Nella diagnosi della sincope di origine cardiaca può essere utilizzato il TILT test, che è
un esame abbastanza diffuso in Italia, il cui protocollo di esecuzione è italiano e viene
applicato non solo in Italia ma anche all’estero, soprattutto in altri paesi europei. Questo
indica quale importanza ha assunto il gruppo di studio italiano per la sincope. Il TILT
test è un esame che ha permesso di comprendere molti aspetti della sincope, soprattutto
di studiare la sincope vasovagale, quella a prognosi benigna.
Un altro dispositivo utile per la diagnosi della sincope di origine cardiaca è il “loop
recorder”, non ancora molto diffuso in Italia, quindi praticamente assente in alcune
cardiologie che non hanno le risorse economiche per poterlo usare. Il “loop recorder” è
uno strumento di semplice impianto e utilizzo, ma che rappresenta il “gold standard” per
la diagnosi della sincope cardiaca perché registra l’ECG in continuo. Se la sincope è
indotta da un’alterazione del ritmo cardiaco, automaticamente o attivato dal paziente, il
dispositivo registra l’ECG al momento della sincope.
Questo rende il “loop recorder” particolarmente interessante e probabilmente, se i
pazienti sono selezionati in modo scrupoloso, con forte sospetto di un’alterazione del
ritmo come causa della sincope, può essere utilizzato in prima battuta evitando che si
facciano altri accertamenti.
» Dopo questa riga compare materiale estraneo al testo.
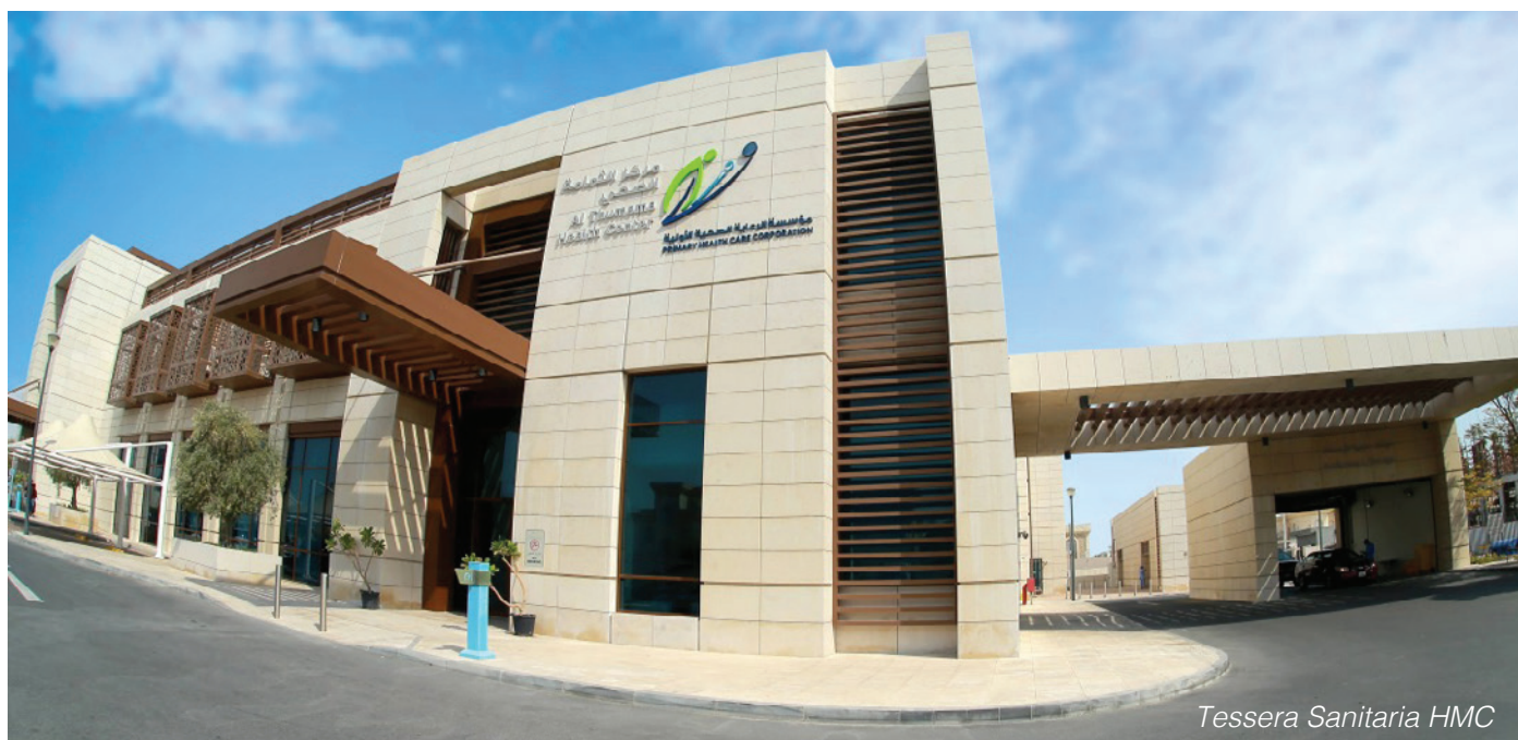
Tessera Sanitaria HMC

La Primary Health Care Corporation opera attraverso una rete di centri che forniscono un' assistenza primaria alla popolazione e sono diffusi in tutto il territorio del Qatar. Essi costituiscono il primo punto di riferimento per i pazienti che non presentano gravi sintomatologie e oltre a fare prevenzione, diagnosi e cura, offrono diversi tipi di trattamenti tra cui quello dentale, prenatale, immunologia, audiologia, radiologia e oftalmologia e wellness. Questi 27 centri sono diventati una delle piu' grandi reti di laboratori accreditati dal (CAP) College of American Pathologists. E' importante sottolineare che gli Health Centre hanno svolto un ruolo fondamentale di prevenzione, diagnosi, cura e vaccinazione durante la pandemia Covid 19.

Abbiamo già avviato un percorso diagnostico all’interno del
nostro ospedale e una struttura ambulatoriale dedicata alla sincope, dove si esegue
l’impianto di “loop recorder”, pacemaker e defibrillatori, e dove effettuiamo il TILT
Test. Personalmente dirigevo al San Filippo Neri di Roma una “Sincope Unit”, prima di
trasferirmi a Ostia. La struttura era organizzata con locali, attrezzature e personale
dedicato. La “Sincope Unit” va intesa come struttura organizzata con stanze e risorse
umane dedicate, se esistono le risorse economiche, ma se questo non è possibile, può
rappresentare anche in maniera multidisciplinare all’interno dell’ospedale un percorso
diagnostico condiviso con figure quali il neurologo, il medico internista, il medico di
pronto soccorso, il diabetologo e il cardiologo, in modo che i pazienti non si perdano in
una diaspora di accertamenti o di reparti non specifici ma vengano seguiti in maniera
appropriata.
Per il momento credo che il cardiologo possa essere la figura di riferimento per la
Sincope Unit. Infatti i cardiologi si sono occupati di più di sincope negli ultimi anni e le
sincopi cardiache sono quelle che hanno maggiore rischio di mortalità e quindi il
cardiologo ha una maggiore competenza per riconoscere queste forme.